╭─ SOURCE DATA

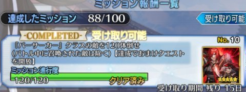 ちなみにこのミッションには「上位条件」があって、最終的には「バーサーカー120体を倒せ」が必須条件になります。
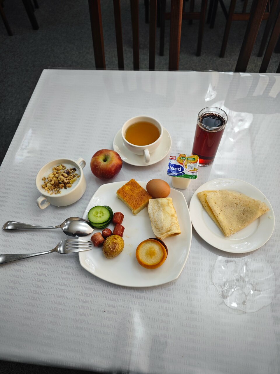 Завтрак просто отличный , подача разная . Либо предзаказ , либо шведский стол. Все свежее , кофе просто обалденный. Отдельная благодарность Шэф- повару. Очень хороший и общительный человек. Обслуживание на высоте, номера убирают, полотенца меняют. Всё подскажут и помогут. Единственное — это телевизор слабо принимает сигнал. Но лично для меня это не проблема. В остальном соотношение цена / качество 1000%. Так держать
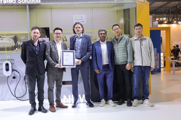 3月24日,国际独立第三方检测、检验和认证机构德国莱茵TÜV大中华区(简称"TÜV莱茵")在2026年意大利米兰暖通制冷及智能家居及卫浴展览会(MCEMILANO)期间,为浙江艾罗网络能源技术股份有限公司(简称"SolaX")旗下ThermalR290系列热泵产品颁发Keymark证书。SolaX欧洲区热泵事业部市场总监赵勇,TÜV莱茵电子电气产品服务区域负责人LucaSangiovanni、大中华区电子电气产品服务技术经理童庆、技术经理郑逸民等双方代表出席了本次活动。

╰─

PROBLEM TO SOLVE: Output all data exactly, omitting images.

ANSWER SECTION:
 ちなみにこのミッションには「上位条件」があって、最終的には「バーサーカー120体を倒せ」が必須条件になります。
 Завтрак просто отличный , подача разная . Либо предзаказ , либо шведский стол. Все свежее , кофе просто обалденный. Отдельная благодарность Шэф- повару. Очень хороший и общительный человек. Обслуживание на высоте, номера убирают, полотенца меняют. Всё подскажут и помогут. Единственное — это телевизор слабо принимает сигнал. Но лично для меня это не проблема. В остальном соотношение цена / качество 1000%. Так держать
 3月24日,国际独立第三方检测、检验和认证机构德国莱茵TÜV大中华区(简称"TÜV莱茵")在2026年意大利米兰暖通制冷及智能家居及卫浴展览会(MCEMILANO)期间,为浙江艾罗网络能源技术股份有限公司(简称"SolaX")旗下ThermalR290系列热泵产品颁发Keymark证书。SolaX欧洲区热泵事业部市场总监赵勇,TÜV莱茵电子电气产品服务区域负责人LucaSangiovanni、大中华区电子电气产品服务技术经理童庆、技术经理郑逸民等双方代表出席了本次活动。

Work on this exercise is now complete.